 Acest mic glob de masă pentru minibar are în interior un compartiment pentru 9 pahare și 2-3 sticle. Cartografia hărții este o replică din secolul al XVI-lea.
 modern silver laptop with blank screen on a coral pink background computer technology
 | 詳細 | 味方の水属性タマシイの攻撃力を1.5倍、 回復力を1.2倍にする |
...
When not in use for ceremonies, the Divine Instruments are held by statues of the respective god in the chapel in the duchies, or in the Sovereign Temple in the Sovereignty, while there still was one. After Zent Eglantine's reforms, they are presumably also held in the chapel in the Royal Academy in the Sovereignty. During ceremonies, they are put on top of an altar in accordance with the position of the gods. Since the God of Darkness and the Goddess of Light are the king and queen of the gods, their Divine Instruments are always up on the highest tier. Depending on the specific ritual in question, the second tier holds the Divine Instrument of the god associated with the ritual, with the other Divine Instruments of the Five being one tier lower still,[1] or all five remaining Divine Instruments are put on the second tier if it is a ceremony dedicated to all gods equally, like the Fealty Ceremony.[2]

**Activity**
Go back to the listing above. Copy word for word the lines from the one with "modern silver laptop" through the one with "味方の水属性タマシイの攻撃力を1.5倍、 回復力を1.2倍にする |", and nothing more.

**Completed exercise**
 modern silver laptop with blank screen on a coral pink background computer technology
 | 詳細 | 味方の水属性タマシイの攻撃力を1.5倍、 回復力を1.2倍にする |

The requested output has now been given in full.